■ Study material ■
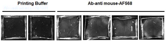 The sensor surface functionalized with the anti-mouse-AF568 antibody or without antibody (printing buffer). In the presence of antibody after the excess removal, it is possible to observe a fluorescence signal caused by the immobilization of the fluorescent probe on sensor surface.
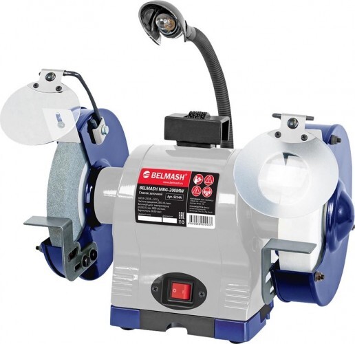 Конструкция: По центру расположен мощный асинхронный двигатель (600 Вт). По обе стороны от двигателя установлены заточные диски диаметром 200 мм и шириной 25 и 40 мм с различной зернистостью. Диски изготовлены из электрокорунда (нормальный 15А и белый 25А). Такой абразив используют для восстановления эксплуатационных свойств ручного инструмента, такого как ножи, топоры, стамески и т. п.; для снятия заусенцев, фасок, обдирки на небольших заготовках. Оба диска оснащены рабочими упорами (подручниками), защитными кожухами (листовая сталь), искрозащитными экранами (один из них с линзой).
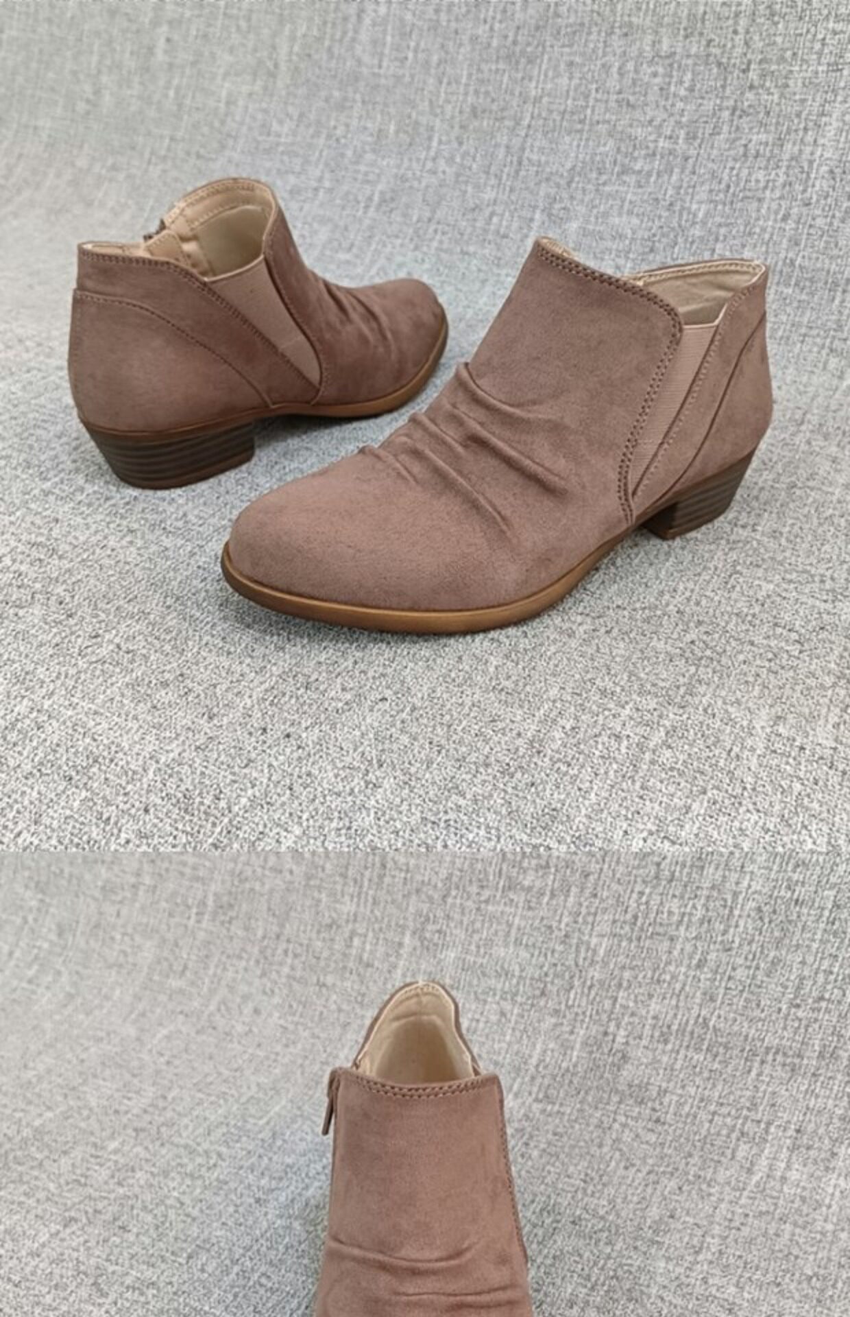 Внешняя торговля, сапоги телесного цвета с глубоким вырезом на среднем каблуке, модные ботинки, женские короткие туфли, женская обувь большого размера, дефектный зазор F4052
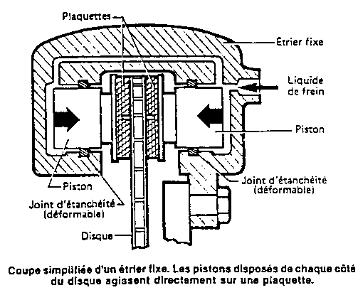 Dans le cas de l’étrier fixe, qui est rigidement attaché à l’essieu et qui comporte deux pistons opposés alimentés par un même circuit hydraulique, les deux pistons viennent presser les deux plaquettes sur le disque lors de la mise en pression (Fig. I.13). L’avantage de ce dispositif par rapport à l’étrier coulissant est la moindre quantité de liquide mise en jeu (puisque chaque piston ne parcourt qu’une demi-distance).
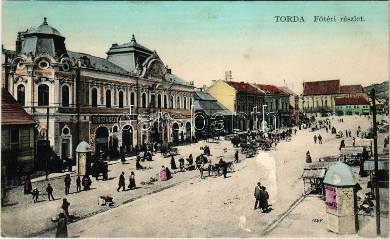 1910 Torda, Turda; Fő tér, piac, Gyógyszertár a Kék Angyalhoz, Turcza Géza üzlete, hirdetőoszlop reklám plakáttal Pálmay Ilka színésznő március 15-i vendégszerepléséről. Füssy József kiadása / main square, market, pharmacy, shops, advertising column with posters (felületi sérülés / surface damage)
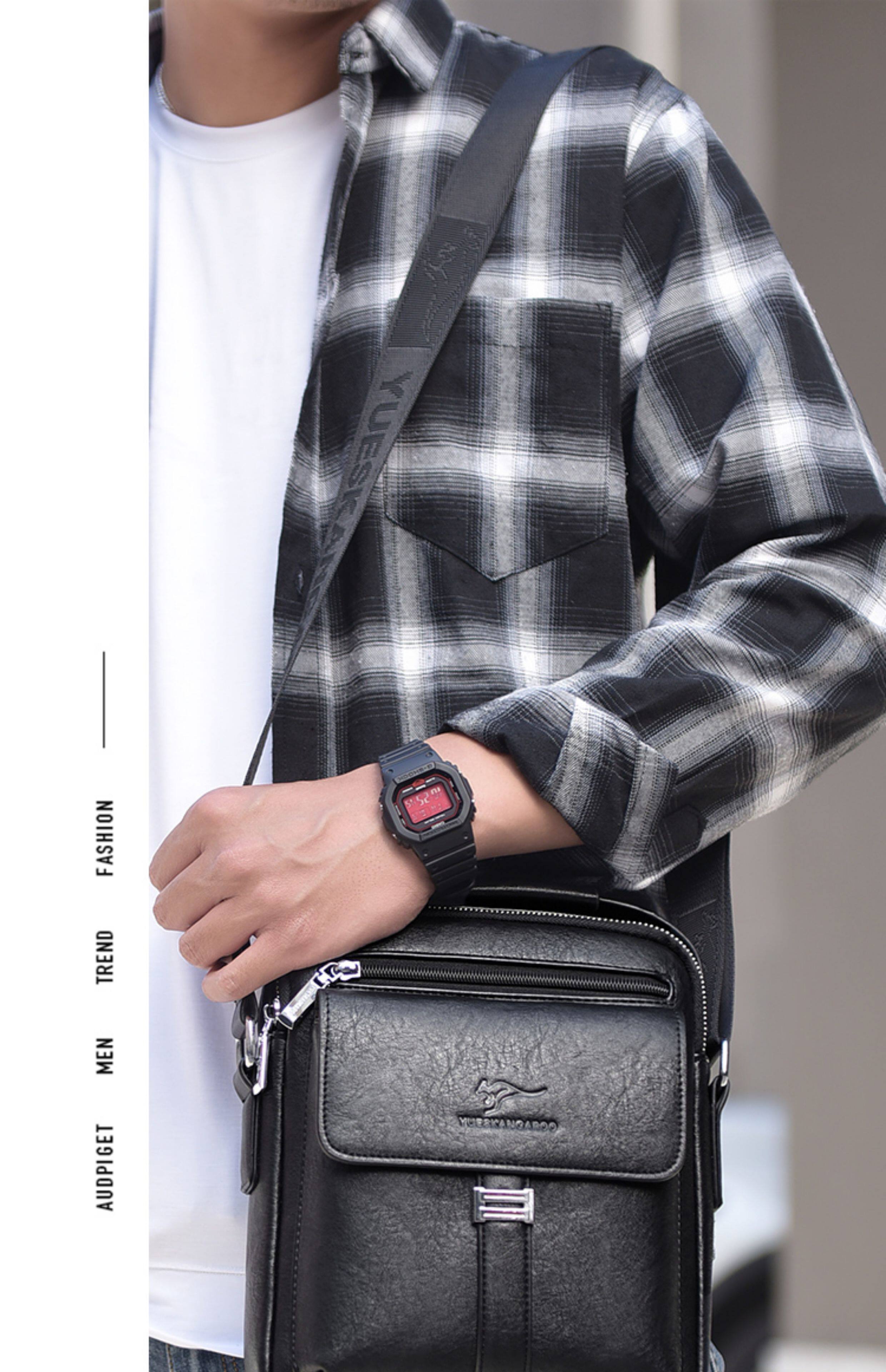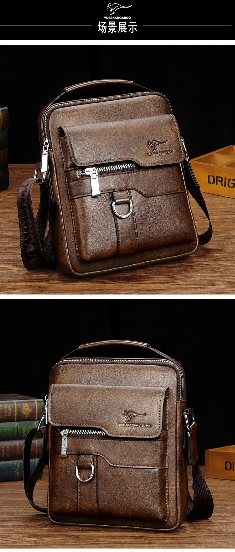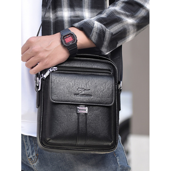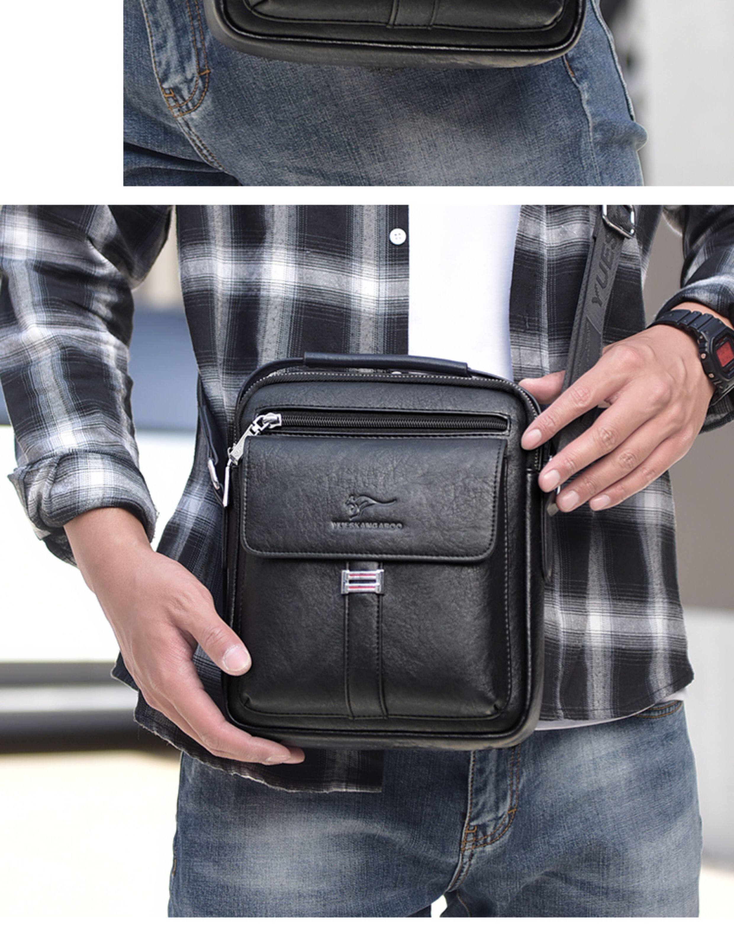 麥克袋鼠時尚男包真皮斜背單肩包牛皮商務手提包男士包包皮包竪款
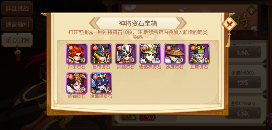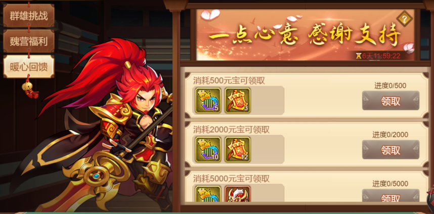 ◇开启活动:群雄挑战、魏营福利、魏营回馈(元宝消耗)
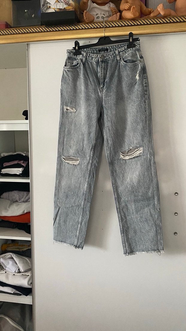 Gri renkli denim kumaştan, yırtık detaylı, salaş kesim kadın kot pantolon. Günlük kullanıma uygun rahat ve şık bir model.
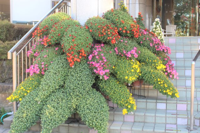 色とりどりの花が咲き誇る園内。お客様でにぎわっています。
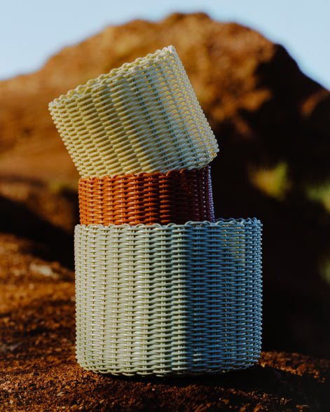 The Pot Extra Small is an home and garden accessory. Consistently with Palorosa craft production, this planter is entirely handwoven in Guatemala, incorporating recycled plastic; this material makes the product light, minimalist and extremely durable. The Pot is characterized by a minimalistic design that enhances every new colour, while evoking Paolorosa’s unique aesthetics. The exceptional ability of our master weavers and their attention to details emerge in the round shape of the product featuring a continuous weaving that ends at its bottom.
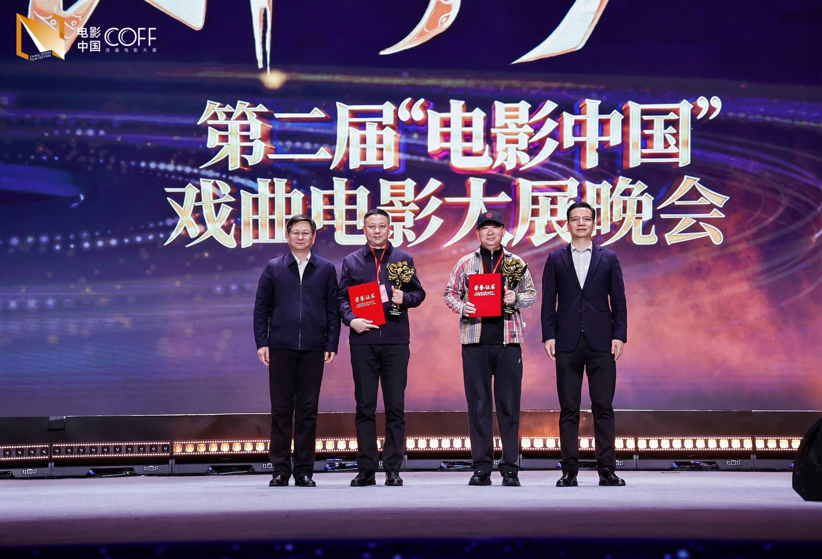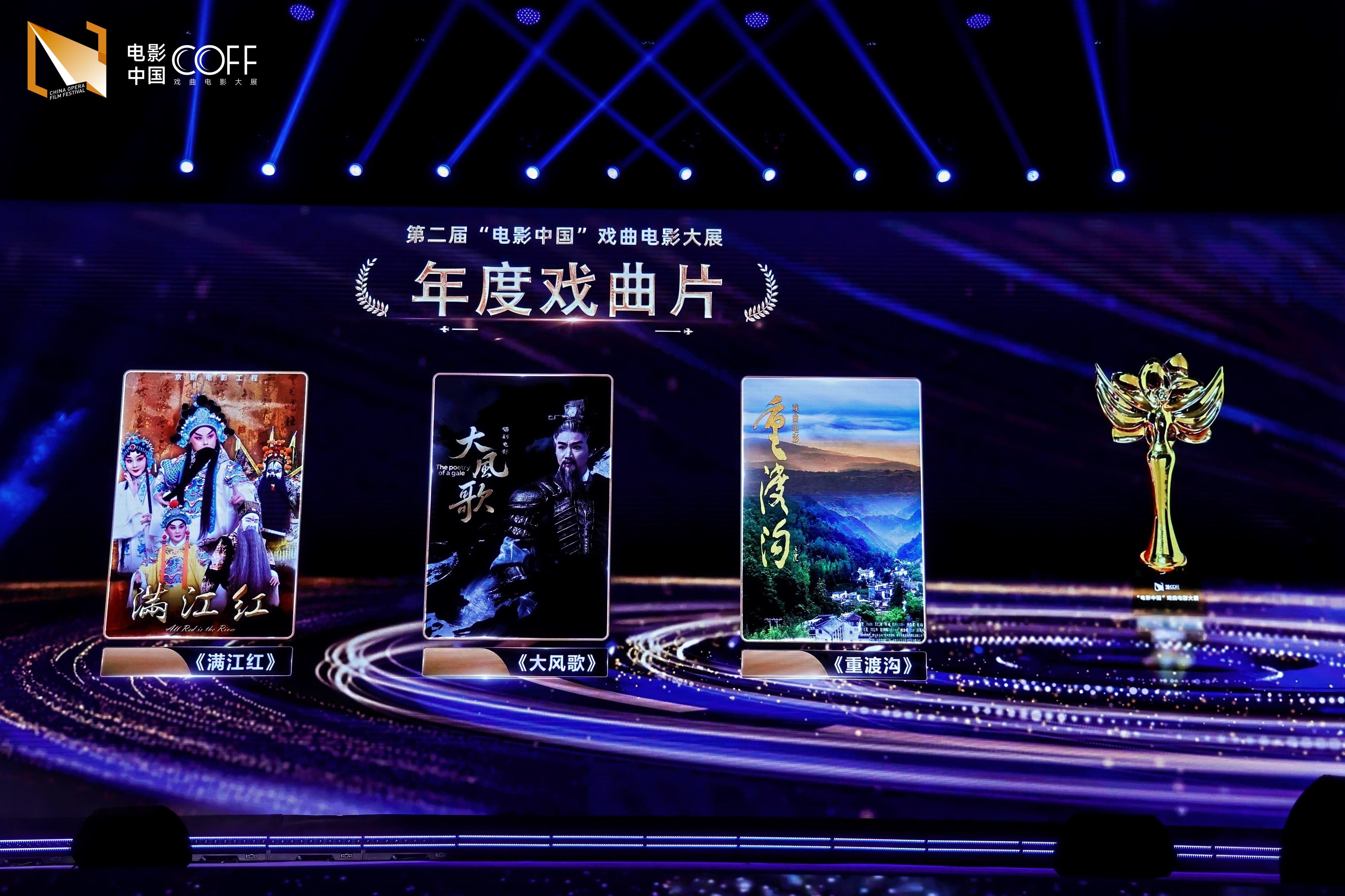 晚會現(xiàn)場名家薈萃,多項榮譽揭曉。京劇電影《滿江紅》、錫劇電影《大風歌》、豫劇電影《重渡溝》榮獲“年度戲曲片”;表演藝術家于魁智憑借在《滿江紅》中成功塑造岳飛形象獲“中國戲曲電影突出貢獻特別榮譽”;《雙蝶扇》《東吳郡主》等6部作品獲“評委會特別榮譽”;《百年程派》《奔向幸?!返?部影片獲“年度戲曲片提名”;《上岸》《南西廂》等10部作品獲“年度戲曲短片”獎;另有7部作品獲年度導演、年度編劇、年度男女主角、年度美術、年度剪輯、年度攝影等單項獎,24部作品獲“優(yōu)秀戲曲影片”獎。
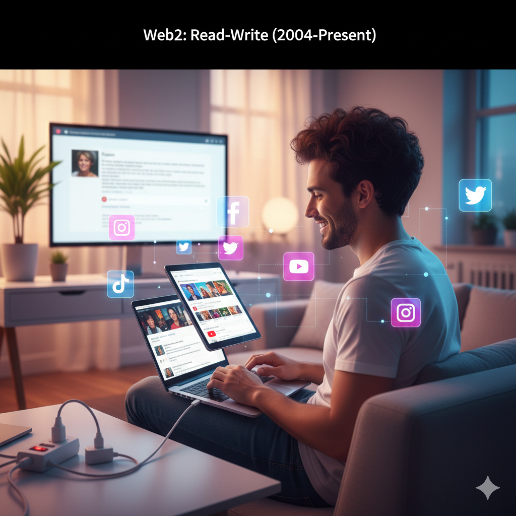 Web2 brought us the “participatory web.” Users became creators and uploaded content to platforms such as YouTube, Facebook, and Instagram. But this era was defined by centralization. Several large technology companies own the servers, manage the data, and profit from user information. Web3: read-write properties (future)

■ Task to complete ■
Repeat the material exactly as it reads, without any of its pictures.

■ Reply ■
 The sensor surface functionalized with the anti-mouse-AF568 antibody or without antibody (printing buffer). In the presence of antibody after the excess removal, it is possible to observe a fluorescence signal caused by the immobilization of the fluorescent probe on sensor surface.
 Конструкция: По центру расположен мощный асинхронный двигатель (600 Вт). По обе стороны от двигателя установлены заточные диски диаметром 200 мм и шириной 25 и 40 мм с различной зернистостью. Диски изготовлены из электрокорунда (нормальный 15А и белый 25А). Такой абразив используют для восстановления эксплуатационных свойств ручного инструмента, такого как ножи, топоры, стамески и т. п.; для снятия заусенцев, фасок, обдирки на небольших заготовках. Оба диска оснащены рабочими упорами (подручниками), защитными кожухами (листовая сталь), искрозащитными экранами (один из них с линзой).
 Внешняя торговля, сапоги телесного цвета с глубоким вырезом на среднем каблуке, модные ботинки, женские короткие туфли, женская обувь большого размера, дефектный зазор F4052
 Dans le cas de l’étrier fixe, qui est rigidement attaché à l’essieu et qui comporte deux pistons opposés alimentés par un même circuit hydraulique, les deux pistons viennent presser les deux plaquettes sur le disque lors de la mise en pression (Fig. I.13). L’avantage de ce dispositif par rapport à l’étrier coulissant est la moindre quantité de liquide mise en jeu (puisque chaque piston ne parcourt qu’une demi-distance).
 1910 Torda, Turda; Fő tér, piac, Gyógyszertár a Kék Angyalhoz, Turcza Géza üzlete, hirdetőoszlop reklám plakáttal Pálmay Ilka színésznő március 15-i vendégszerepléséről. Füssy József kiadása / main square, market, pharmacy, shops, advertising column with posters (felületi sérülés / surface damage)
 麥克袋鼠時尚男包真皮斜背單肩包牛皮商務手提包男士包包皮包竪款
 ◇开启活动:群雄挑战、魏营福利、魏营回馈(元宝消耗)
 Gri renkli denim kumaştan, yırtık detaylı, salaş kesim kadın kot pantolon. Günlük kullanıma uygun rahat ve şık bir model.
 色とりどりの花が咲き誇る園内。お客様でにぎわっています。
 The Pot Extra Small is an home and garden accessory. Consistently with Palorosa craft production, this planter is entirely handwoven in Guatemala, incorporating recycled plastic; this material makes the product light, minimalist and extremely durable. The Pot is characterized by a minimalistic design that enhances every new colour, while evoking Paolorosa’s unique aesthetics. The exceptional ability of our master weavers and their attention to details emerge in the round shape of the product featuring a continuous weaving that ends at its bottom.
 晚會現(xiàn)場名家薈萃,多項榮譽揭曉。京劇電影《滿江紅》、錫劇電影《大風歌》、豫劇電影《重渡溝》榮獲“年度戲曲片”;表演藝術家于魁智憑借在《滿江紅》中成功塑造岳飛形象獲“中國戲曲電影突出貢獻特別榮譽”;《雙蝶扇》《東吳郡主》等6部作品獲“評委會特別榮譽”;《百年程派》《奔向幸?!返?部影片獲“年度戲曲片提名”;《上岸》《南西廂》等10部作品獲“年度戲曲短片”獎;另有7部作品獲年度導演、年度編劇、年度男女主角、年度美術、年度剪輯、年度攝影等單項獎,24部作品獲“優(yōu)秀戲曲影片”獎。
 Web2 brought us the “participatory web.” Users became creators and uploaded content to platforms such as YouTube, Facebook, and Instagram. But this era was defined by centralization. Several large technology companies own the servers, manage the data, and profit from user information. Web3: read-write properties (future)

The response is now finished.